• _Exercise brief_
In the entries below, find the line with "茶话会尾声,余总与祝书记亲手" and the line with "Koostisosad: nisujahu, meresool, vesi, viinakivi". Return those two lines and all lines between them, exactly.

• _Data section_
----------------

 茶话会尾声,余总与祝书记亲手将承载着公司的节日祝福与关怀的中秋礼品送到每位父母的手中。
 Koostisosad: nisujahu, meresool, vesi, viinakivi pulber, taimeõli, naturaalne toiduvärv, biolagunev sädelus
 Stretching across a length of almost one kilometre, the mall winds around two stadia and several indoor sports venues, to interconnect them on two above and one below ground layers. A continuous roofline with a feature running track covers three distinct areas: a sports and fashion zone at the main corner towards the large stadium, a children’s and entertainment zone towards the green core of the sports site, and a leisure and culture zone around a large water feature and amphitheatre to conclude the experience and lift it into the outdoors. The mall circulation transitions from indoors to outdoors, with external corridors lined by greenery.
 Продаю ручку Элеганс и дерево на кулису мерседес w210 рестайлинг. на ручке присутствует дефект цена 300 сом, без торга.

----------------

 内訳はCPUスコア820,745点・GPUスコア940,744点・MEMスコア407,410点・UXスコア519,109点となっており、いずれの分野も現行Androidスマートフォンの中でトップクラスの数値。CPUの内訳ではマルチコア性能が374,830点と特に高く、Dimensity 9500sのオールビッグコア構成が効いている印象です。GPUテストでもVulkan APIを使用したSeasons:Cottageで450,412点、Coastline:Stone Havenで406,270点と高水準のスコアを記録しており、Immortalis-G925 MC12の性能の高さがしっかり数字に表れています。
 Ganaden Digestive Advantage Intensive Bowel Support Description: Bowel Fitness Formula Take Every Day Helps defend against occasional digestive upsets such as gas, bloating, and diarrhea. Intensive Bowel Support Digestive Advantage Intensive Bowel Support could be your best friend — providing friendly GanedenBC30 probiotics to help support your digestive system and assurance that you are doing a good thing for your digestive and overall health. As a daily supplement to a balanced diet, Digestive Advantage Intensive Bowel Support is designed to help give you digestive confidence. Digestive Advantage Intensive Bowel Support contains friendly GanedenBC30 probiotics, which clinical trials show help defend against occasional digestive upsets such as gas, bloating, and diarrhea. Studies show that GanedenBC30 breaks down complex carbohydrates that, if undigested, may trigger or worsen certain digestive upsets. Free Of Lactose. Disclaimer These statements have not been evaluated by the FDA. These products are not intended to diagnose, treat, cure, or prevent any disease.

----------------

• _Solution to this problem_
 茶话会尾声,余总与祝书记亲手将承载着公司的节日祝福与关怀的中秋礼品送到每位父母的手中。
 Koostisosad: nisujahu, meresool, vesi, viinakivi pulber, taimeõli, naturaalne toiduvärv, biolagunev sädelus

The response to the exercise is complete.